* Work instructions:
From the material below, retype exactly the lines that begin at the line with "Yataq otağı dəsti" and end after the line with "An elegant vintage"; pictures stay out of the copy.

* Given entries:
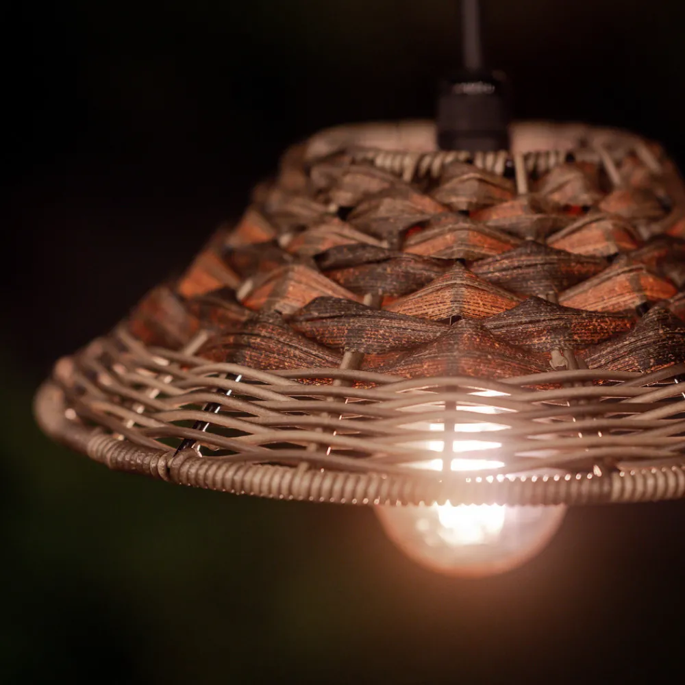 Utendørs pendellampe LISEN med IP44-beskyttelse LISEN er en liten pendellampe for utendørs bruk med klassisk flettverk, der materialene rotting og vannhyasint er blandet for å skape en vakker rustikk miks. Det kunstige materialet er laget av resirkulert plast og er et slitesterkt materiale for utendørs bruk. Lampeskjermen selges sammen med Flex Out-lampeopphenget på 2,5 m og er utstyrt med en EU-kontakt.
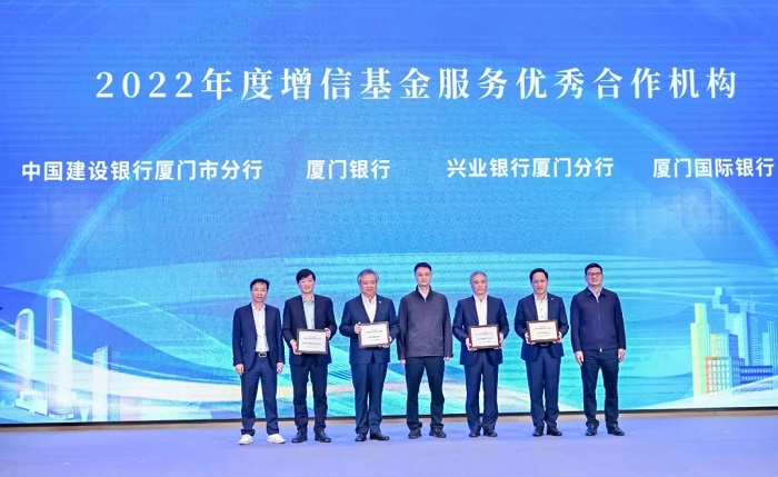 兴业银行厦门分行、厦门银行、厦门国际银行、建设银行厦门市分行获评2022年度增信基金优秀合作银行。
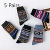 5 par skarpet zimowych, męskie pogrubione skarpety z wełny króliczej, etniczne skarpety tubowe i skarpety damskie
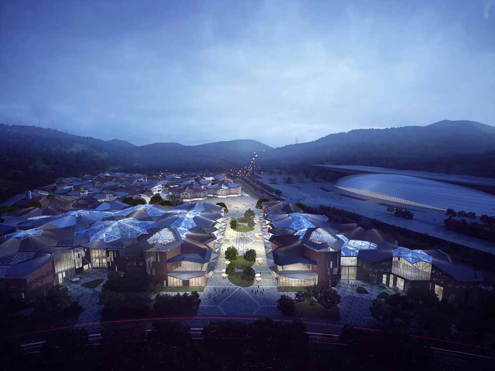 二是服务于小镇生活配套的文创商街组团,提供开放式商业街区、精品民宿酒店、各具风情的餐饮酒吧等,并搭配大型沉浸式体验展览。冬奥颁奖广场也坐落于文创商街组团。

---

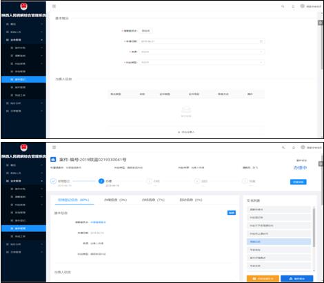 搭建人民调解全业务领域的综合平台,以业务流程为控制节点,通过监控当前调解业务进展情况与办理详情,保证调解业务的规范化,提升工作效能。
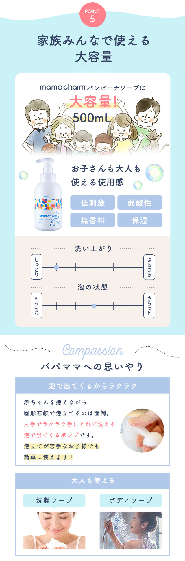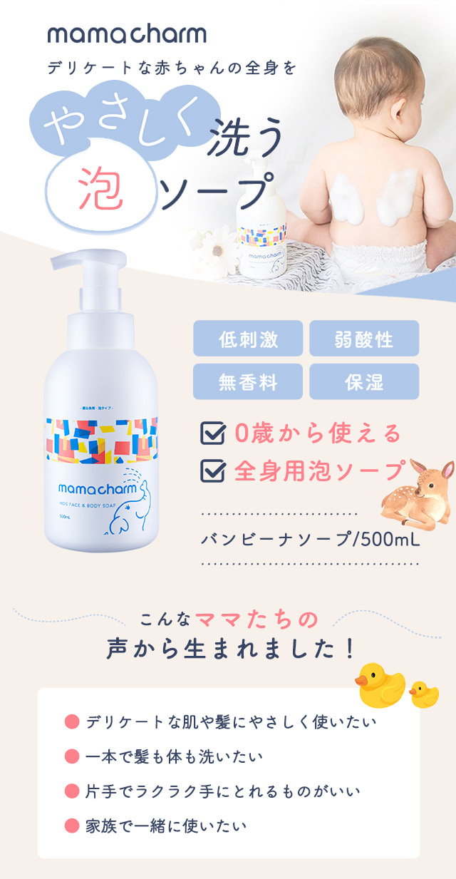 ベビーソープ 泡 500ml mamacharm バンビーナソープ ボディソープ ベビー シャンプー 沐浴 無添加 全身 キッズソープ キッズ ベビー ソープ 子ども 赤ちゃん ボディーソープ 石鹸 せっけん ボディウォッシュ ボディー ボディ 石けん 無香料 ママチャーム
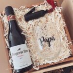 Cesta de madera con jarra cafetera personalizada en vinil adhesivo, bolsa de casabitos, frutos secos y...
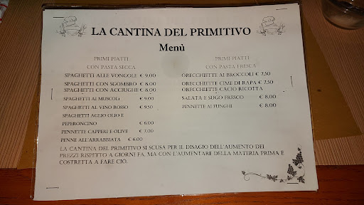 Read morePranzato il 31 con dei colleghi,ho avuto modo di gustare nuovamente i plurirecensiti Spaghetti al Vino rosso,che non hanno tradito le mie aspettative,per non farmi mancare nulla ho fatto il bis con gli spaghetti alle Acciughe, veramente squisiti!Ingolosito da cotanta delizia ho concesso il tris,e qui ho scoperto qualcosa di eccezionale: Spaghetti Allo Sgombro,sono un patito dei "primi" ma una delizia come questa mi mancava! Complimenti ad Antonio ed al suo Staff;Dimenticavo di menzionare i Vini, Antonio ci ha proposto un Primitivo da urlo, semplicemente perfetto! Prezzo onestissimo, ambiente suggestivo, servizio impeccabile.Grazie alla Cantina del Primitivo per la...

==

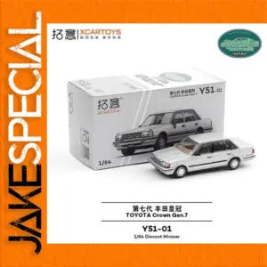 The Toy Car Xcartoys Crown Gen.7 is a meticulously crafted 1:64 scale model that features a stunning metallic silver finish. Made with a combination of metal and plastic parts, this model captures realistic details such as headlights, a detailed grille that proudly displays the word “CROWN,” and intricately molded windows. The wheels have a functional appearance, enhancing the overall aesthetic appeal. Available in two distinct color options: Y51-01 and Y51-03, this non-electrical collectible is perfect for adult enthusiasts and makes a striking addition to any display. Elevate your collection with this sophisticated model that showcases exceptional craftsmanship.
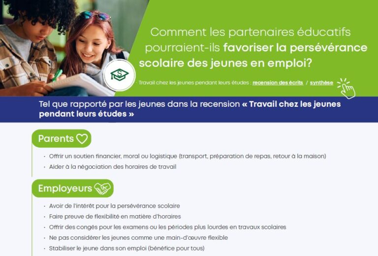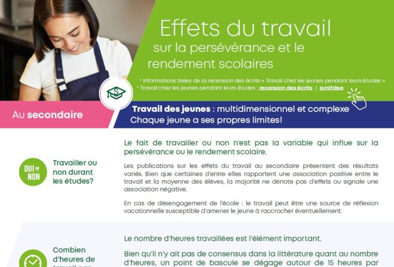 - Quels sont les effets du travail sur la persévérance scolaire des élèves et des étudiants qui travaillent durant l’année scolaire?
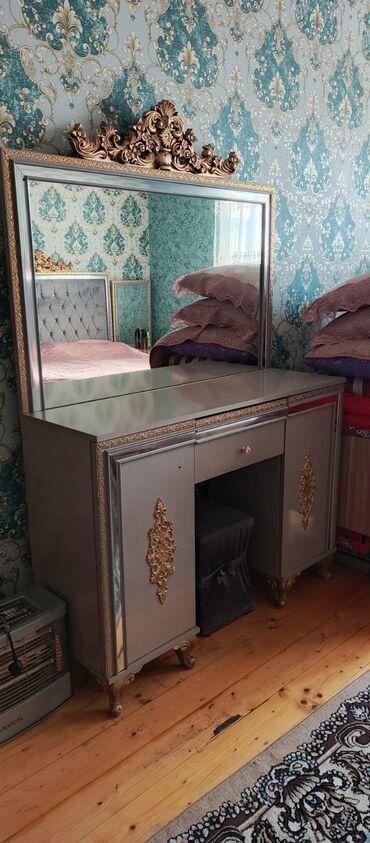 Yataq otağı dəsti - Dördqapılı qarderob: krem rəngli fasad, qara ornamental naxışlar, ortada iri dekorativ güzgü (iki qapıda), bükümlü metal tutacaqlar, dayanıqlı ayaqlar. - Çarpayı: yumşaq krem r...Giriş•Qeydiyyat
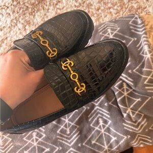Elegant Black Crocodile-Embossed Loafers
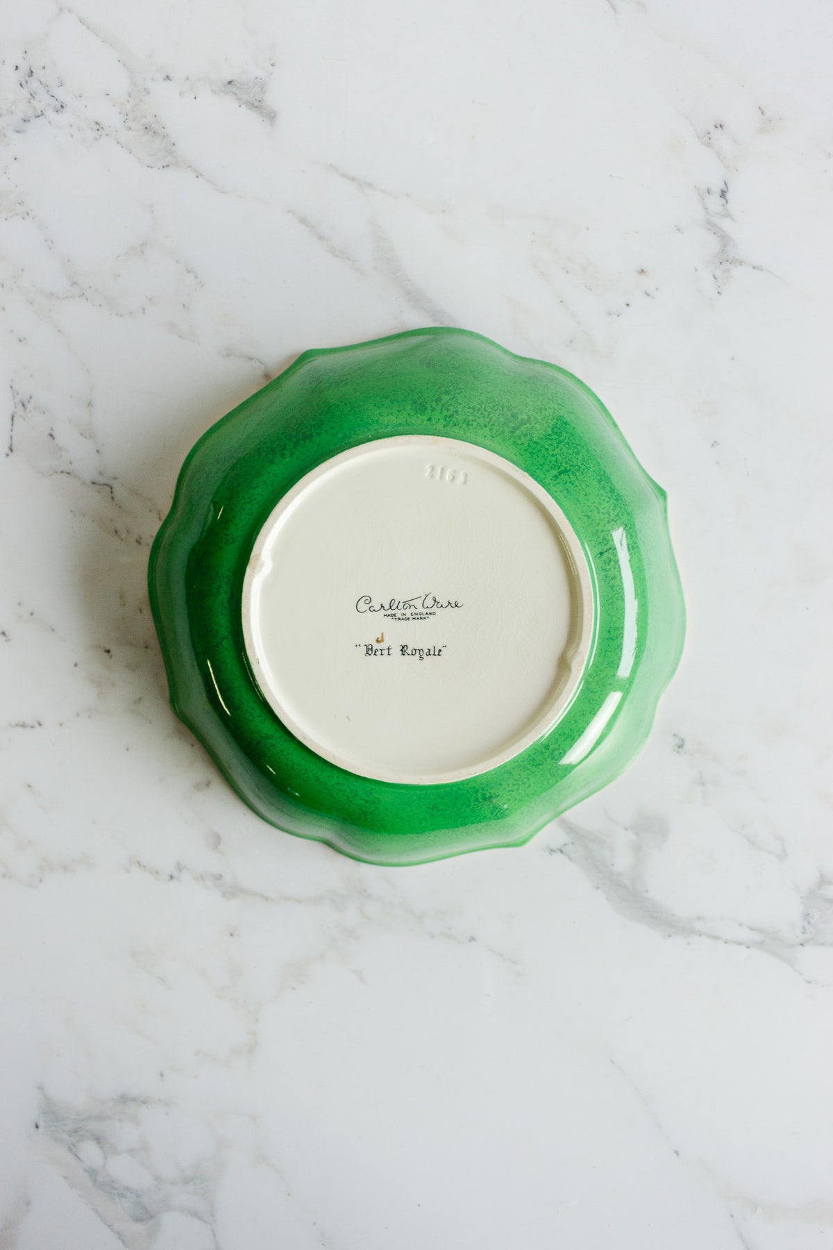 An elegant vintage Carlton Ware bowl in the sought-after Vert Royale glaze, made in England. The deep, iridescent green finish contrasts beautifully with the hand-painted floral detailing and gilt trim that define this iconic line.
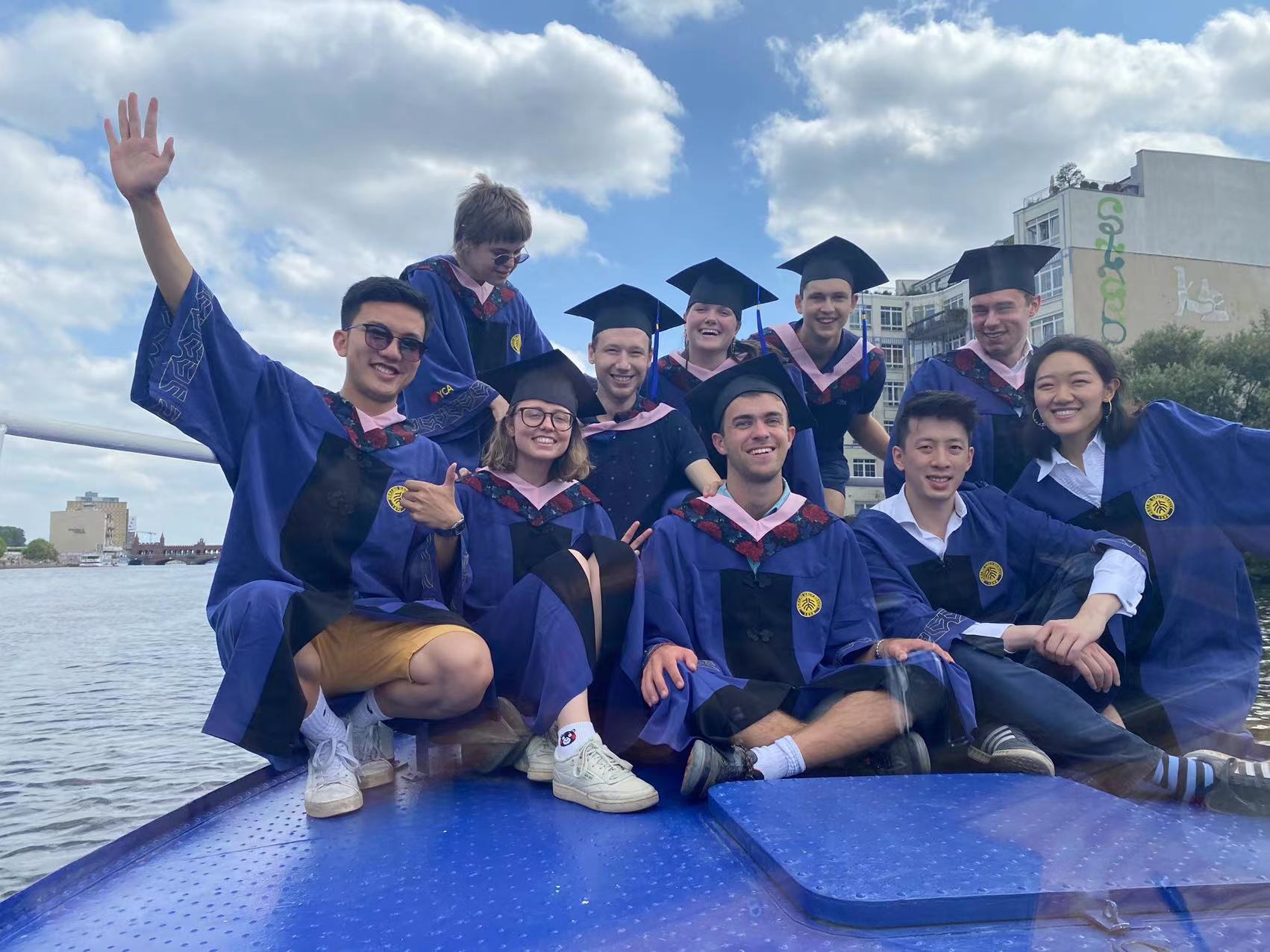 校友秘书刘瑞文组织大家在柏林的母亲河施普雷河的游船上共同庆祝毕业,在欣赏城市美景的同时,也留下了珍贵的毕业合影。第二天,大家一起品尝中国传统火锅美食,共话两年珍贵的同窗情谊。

* Exercise output:
 Yataq otağı dəsti - Dördqapılı qarderob: krem rəngli fasad, qara ornamental naxışlar, ortada iri dekorativ güzgü (iki qapıda), bükümlü metal tutacaqlar, dayanıqlı ayaqlar. - Çarpayı: yumşaq krem r...Giriş•Qeydiyyat
Elegant Black Crocodile-Embossed Loafers
 An elegant vintage Carlton Ware bowl in the sought-after Vert Royale glaze, made in England. The deep, iridescent green finish contrasts beautifully with the hand-painted floral detailing and gilt trim that define this iconic line.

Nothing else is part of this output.